Literature DB >> 10197295

Salivary clearance and urinary metabolic pattern of caffeine in healthy children and in pediatric patients with hepatocellular diseases.

A el-Yazigi1, S Shabib, S al-Rawithi, A Yusuf, E S Legayada, A al-Humidan.   

Abstract

Measurement of salivary clearance and urinary metabolites of caffeine is an excellent noninvasive tool for assessing liver function, particularly the activity of cytochrome P4501A2 (CYP1A2), N-acetyltransferase (NAT), and xanthine oxidase (XO). This study was undertaken to measure the clearance of caffeine using saliva as a biological fluid and to assess the activities of the above-mentioned enzymes in healthy children and pediatric patients with liver diseases using urinary molar ratios of different caffeine metabolites.
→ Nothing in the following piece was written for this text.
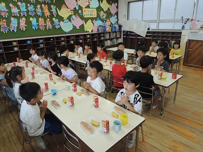 ホールに2歳児から年長組までが集まり終業式を行いました!みんなで心を込めてお祈りをお捧げしたり、園歌・やっほっほ夏休みなどの歌を元気いっぱい歌うことができました♪楽しみにしていた夏休み☆また2学期ににこにこ笑顔のお友達に会えることを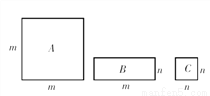 三种不同类型的长方形地砖长宽如图所示,现有A类1块,B类4块,C类5块. 小明在用这些地砖拼成一个正方形时,多出其中1块地砖,那么小明拼成正方形的边长是( )

The well-established two-sample saliva approach was used to measure the clearance of caffeine in nine pediatric patients with liver diseases (LD) and in nine healthy children. The caffeine metabolites were also measured in the urine of these subjects by high-performance liquid chromatography, and urinary molar ratios of 5-acetylamino-6-formylamino-3-methyluracil (AFMU), 1-methylxanthine (1X), 1-methyluric acid (1U), and 1,7-dimethyluric acid (17U) were employed to estimate the activities of CYP1A2, NAT, and XO. The caffeine salivary clearance and the percentage of the dose excreted in the form of various metabolites were significantly (p < 0.035) smaller in the LD patients than those in healthy children. The urinary molar ratio of [AFMU + 1U + 1X]/17U, which reflects the activity of CYP1A2, was also significantly (p < 0.0005) reduced in these patients. However, there were no significant differences between the two groups in the ratios of AFMU/1X and 1U/1X, which estimate the activities of NAT and XO, respectively. In conclusion, the data obtained suggest that liver disease in pediatric subjects significantly reduces the salivary clearance of caffeine and the activity of cytochrome P4501A2, but it has no impact on the activities of NAT and XO.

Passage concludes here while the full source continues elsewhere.